* **Problem statement**
Each line below from the "Kombinované farebné tričko" line through the "This nicely weighted" line, those two included, must be restated word for word; the pictures must not be.

* **Data to use**
BEGIN

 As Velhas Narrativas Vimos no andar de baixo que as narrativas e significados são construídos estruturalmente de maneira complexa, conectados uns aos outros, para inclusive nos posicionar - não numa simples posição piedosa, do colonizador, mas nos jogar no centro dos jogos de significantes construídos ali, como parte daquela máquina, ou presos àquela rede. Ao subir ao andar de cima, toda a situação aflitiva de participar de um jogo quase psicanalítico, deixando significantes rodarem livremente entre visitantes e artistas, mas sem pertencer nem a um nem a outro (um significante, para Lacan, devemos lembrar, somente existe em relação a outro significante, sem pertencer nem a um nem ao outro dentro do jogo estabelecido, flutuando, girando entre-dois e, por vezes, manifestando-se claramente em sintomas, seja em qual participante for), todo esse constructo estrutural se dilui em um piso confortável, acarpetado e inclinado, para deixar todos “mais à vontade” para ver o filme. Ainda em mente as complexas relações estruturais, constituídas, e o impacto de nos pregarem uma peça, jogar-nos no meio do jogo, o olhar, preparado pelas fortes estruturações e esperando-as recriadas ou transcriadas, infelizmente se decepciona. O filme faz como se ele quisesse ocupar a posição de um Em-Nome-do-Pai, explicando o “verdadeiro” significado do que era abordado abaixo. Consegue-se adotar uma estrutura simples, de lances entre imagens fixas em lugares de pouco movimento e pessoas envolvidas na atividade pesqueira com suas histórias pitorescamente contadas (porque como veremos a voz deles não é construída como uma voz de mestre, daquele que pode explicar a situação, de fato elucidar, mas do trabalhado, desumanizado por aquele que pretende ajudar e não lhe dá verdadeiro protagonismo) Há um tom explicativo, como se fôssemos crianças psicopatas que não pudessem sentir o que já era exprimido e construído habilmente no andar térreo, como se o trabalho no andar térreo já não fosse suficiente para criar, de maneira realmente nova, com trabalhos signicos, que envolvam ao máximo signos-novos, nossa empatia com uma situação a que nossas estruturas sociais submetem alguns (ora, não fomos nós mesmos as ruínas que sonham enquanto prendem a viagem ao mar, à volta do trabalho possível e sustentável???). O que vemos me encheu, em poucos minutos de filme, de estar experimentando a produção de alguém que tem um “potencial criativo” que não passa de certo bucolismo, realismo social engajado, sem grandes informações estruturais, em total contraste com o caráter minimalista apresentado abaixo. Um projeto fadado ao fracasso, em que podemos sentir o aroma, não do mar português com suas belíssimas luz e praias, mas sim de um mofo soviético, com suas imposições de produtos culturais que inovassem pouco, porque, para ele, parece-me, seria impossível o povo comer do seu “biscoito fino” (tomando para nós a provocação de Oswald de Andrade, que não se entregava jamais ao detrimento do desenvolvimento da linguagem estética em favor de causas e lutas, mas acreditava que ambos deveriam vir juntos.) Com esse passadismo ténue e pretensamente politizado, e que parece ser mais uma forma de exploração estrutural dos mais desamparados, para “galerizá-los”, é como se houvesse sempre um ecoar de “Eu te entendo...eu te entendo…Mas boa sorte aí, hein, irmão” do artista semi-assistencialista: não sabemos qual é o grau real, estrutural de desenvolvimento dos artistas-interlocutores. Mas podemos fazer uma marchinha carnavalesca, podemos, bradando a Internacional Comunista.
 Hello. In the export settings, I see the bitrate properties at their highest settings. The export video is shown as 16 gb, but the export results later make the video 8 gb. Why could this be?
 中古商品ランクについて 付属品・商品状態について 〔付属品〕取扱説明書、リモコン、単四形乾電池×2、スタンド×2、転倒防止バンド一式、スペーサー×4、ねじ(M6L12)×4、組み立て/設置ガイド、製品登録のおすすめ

END
BEGIN

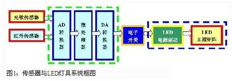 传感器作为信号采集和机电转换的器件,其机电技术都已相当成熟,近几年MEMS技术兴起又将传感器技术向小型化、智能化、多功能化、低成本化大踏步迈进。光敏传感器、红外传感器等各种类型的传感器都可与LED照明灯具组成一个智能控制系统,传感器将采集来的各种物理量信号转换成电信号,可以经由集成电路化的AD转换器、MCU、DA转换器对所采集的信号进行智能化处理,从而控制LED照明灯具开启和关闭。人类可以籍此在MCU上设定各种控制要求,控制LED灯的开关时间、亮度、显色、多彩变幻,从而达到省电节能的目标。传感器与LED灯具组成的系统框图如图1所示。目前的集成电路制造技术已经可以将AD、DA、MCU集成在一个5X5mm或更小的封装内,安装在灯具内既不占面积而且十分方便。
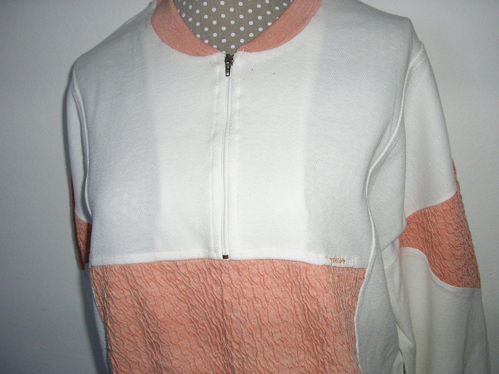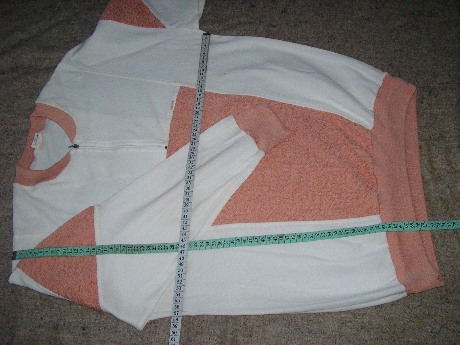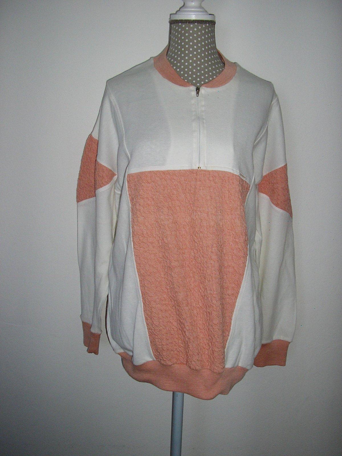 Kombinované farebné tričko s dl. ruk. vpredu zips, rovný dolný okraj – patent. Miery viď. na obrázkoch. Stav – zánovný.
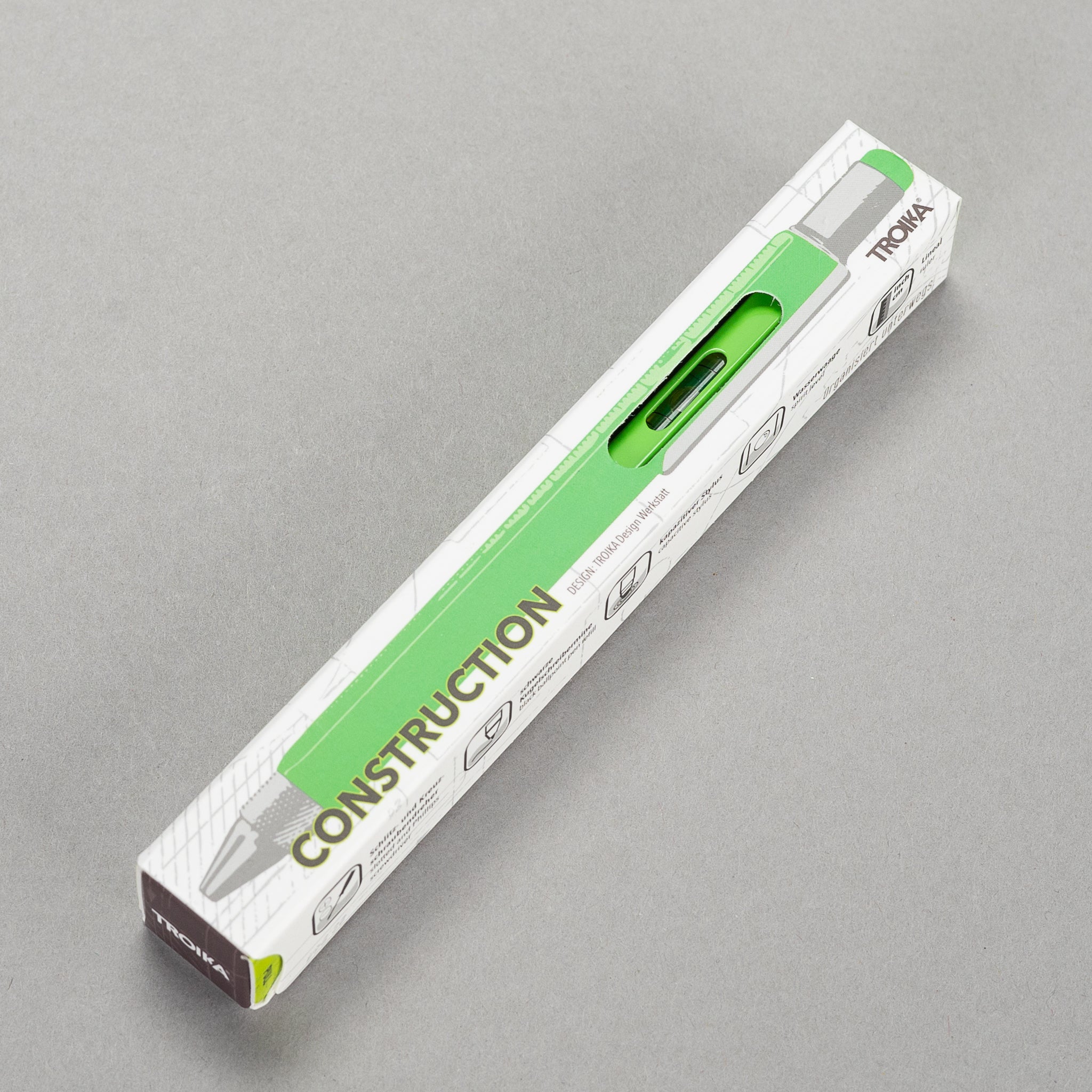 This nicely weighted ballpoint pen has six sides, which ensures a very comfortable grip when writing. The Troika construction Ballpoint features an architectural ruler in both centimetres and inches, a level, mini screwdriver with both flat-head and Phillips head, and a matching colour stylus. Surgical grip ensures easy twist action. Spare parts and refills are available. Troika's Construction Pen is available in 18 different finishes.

END

* **Response to the exercise**
 Kombinované farebné tričko s dl. ruk. vpredu zips, rovný dolný okraj – patent. Miery viď. na obrázkoch. Stav – zánovný.
 This nicely weighted ballpoint pen has six sides, which ensures a very comfortable grip when writing. The Troika construction Ballpoint features an architectural ruler in both centimetres and inches, a level, mini screwdriver with both flat-head and Phillips head, and a matching colour stylus. Surgical grip ensures easy twist action. Spare parts and refills are available. Troika's Construction Pen is available in 18 different finishes.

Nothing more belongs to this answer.